Google is not designed for the geniuses. It's designed for people who want what everyone else wants.
In the beginning, when google was a tool used primarily by geniuses, then geniuses were the community. They were the masses that used google. Their algorithms now pick selections from a new community. Bloggers who can copy/paste. Bloggers with lots of friends who will link to their posts because the friends are asked to and because other friends reciprocate.
Google doesn't know if you are linking to a web page because you like the web page or because someone who built the web page asked you to link to it or because you are getting paid.
And google doesn't care.
The problem is that "indistinguishable" does not mean "identical". The Optimization-by-Proxy concept also applies to the way we recognize useful content and distinguish it from spam: if spam-creators exploit the gap between our perception of content and the actual quality of the content, they will ultimately create spam that fools even savvy users, and we will be influenced by it without even realizing it.
One of the characters in Neal Stephenson's "Anathem" described this phenomenon, occurring on his world's equivalent of the internet: sophisticated AI had led to spam (or "crap" as he called it) which was created by taking perfectly valid, reasonable ideas, combining them with falsehoods or biased information expressed clearly and reasonably, and releasing it in the form of real, substantive communications between users. A great deal of time and energy had to go into sorting "crap" from valid information.
I think this is something that has happened throughout history. The web probably makes it easier for the their work to be uncover than before but they are still at a disadvantage.
The summary of the history seems pretty accurate to my perception of it, but I don't think it's hopeless from here. :)
"Deep-sea ice crystals stymie Gulf oil leak fix - Yahoo! News
8 May 2010 ... thick blobs of tar began washing up on Alabama's white sand beaches. ... platform at the Deep Sea Horizon oil spill site in the Gulf"
At least a result from 4 days ago is an improvement on when I'd get usenet or mailing list results from 1999-2004 whenever I searched for anything linuxy.
All of the fascinating things about signals are confidential for all of the reasons listed in the article, and Google has been sued so many times by sites that think they should rank better than they do that I can't really give examples.

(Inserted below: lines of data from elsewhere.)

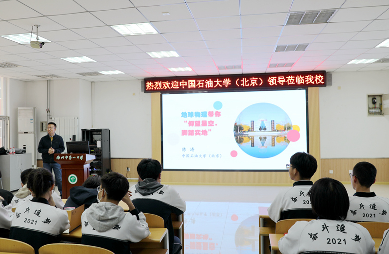 仪式结束后,陈涛博士在高二年级阶梯教室为我校学生作了题为《地球物理带你“仰望星空,脚踏实地”》学术知识讲座。陈博士从色彩斑斓、形态各异的石油切入,讲述了石油行业的发展以及在生活中的重要应用,并详细介绍了学校的专业设置、培养模式、社团活动、就业前景等。助管郭炳宜从学生感兴趣的大学生活出发,介绍了学校周边设施、住宿情况及保研考研情况,并向一中学子发出热情邀约,鼓励一中学子奋力冲刺、圆梦高考。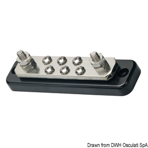 Base en plastique à haute capacité isolante. Base de support en cuivre nickelé, vis et écrous en inox. 12/48 V.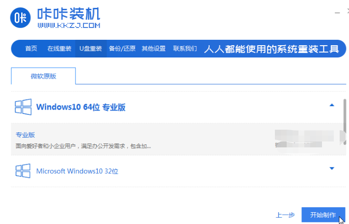 2、選擇需要安裝的系統(tǒng),點(diǎn)擊開始制作。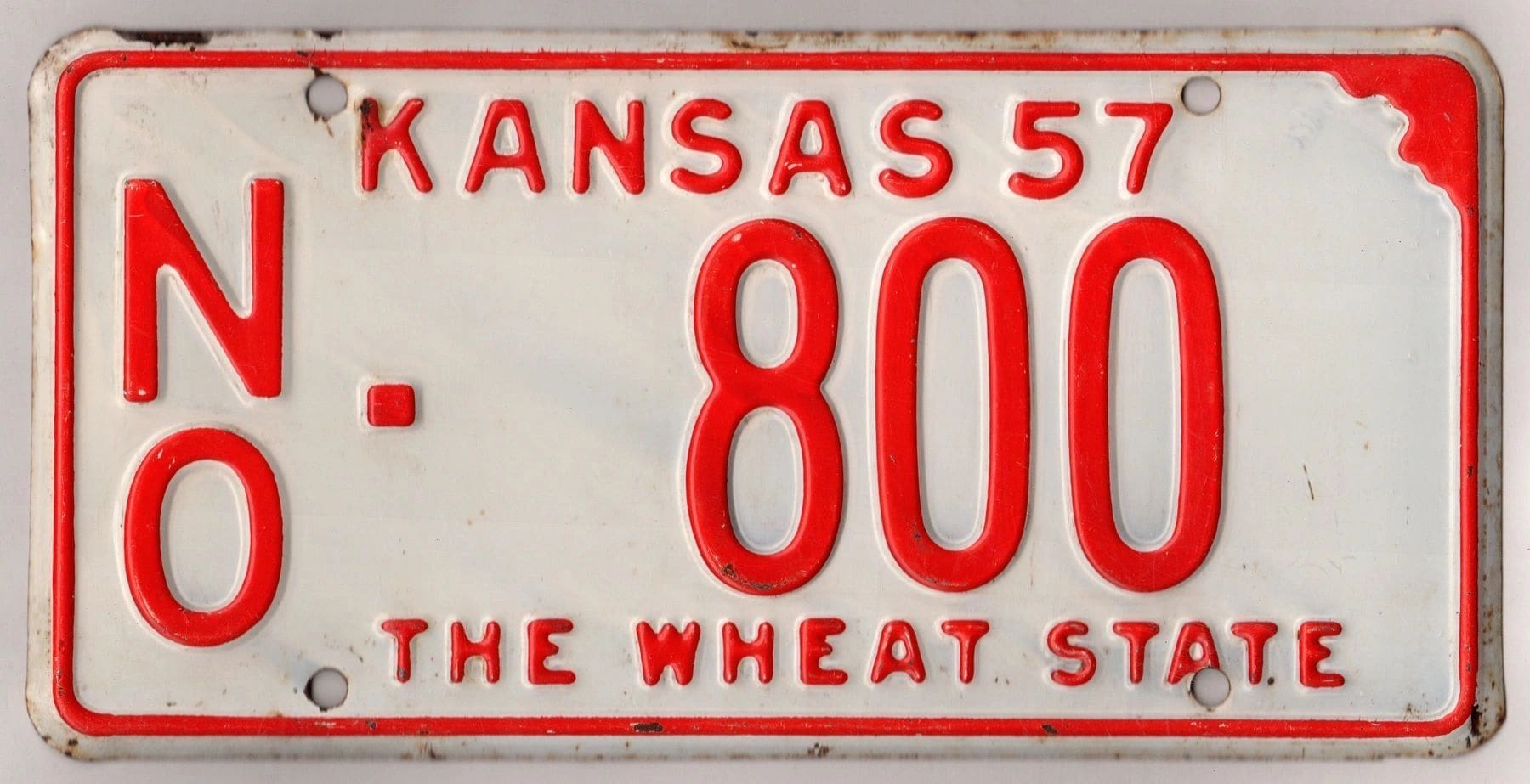 Kansas 1957 car license plate Neosho county #NO-800

I think it's safe to say though that there are a lot of people worried about and thinking hard about what the web is turning into and how to rank it appropriately.
Most of the content is no longer written by devoted hobbyists, people no longer link as often to things they like, and much of the content on the front pages of reddit, digg (and sometimes even hackernews) was put there by people trying to make your search results worse.

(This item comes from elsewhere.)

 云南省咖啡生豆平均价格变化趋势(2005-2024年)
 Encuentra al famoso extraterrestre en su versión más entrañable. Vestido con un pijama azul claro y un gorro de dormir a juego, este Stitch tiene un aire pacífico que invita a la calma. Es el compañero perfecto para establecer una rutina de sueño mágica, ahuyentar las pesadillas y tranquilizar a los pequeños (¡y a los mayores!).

Similarly, stackoverflow.com doesn't have very good answers for a number of technical topics, but it's often on the first 10 hits, even when the answers are useless and there's much better answers ranked lower (like project mailing list archives).
After all, Demand Media does produce real, editorially vetted content from real human writers. The payment system encourages what I'll call extreme efficiency of research and writing, but that simply optimizes it for the handy-reference domain of search results (e.g. How to fillet a smallmouth bass), which may not be "high quality" as such but does provide direct, clearly written and reasonably valid responses to the search queries that elicit them.
She's a Markov-based script inspired by the public domain works of a certain poet. All of her incantations are checked to make sure they don't repeat verbatim her model.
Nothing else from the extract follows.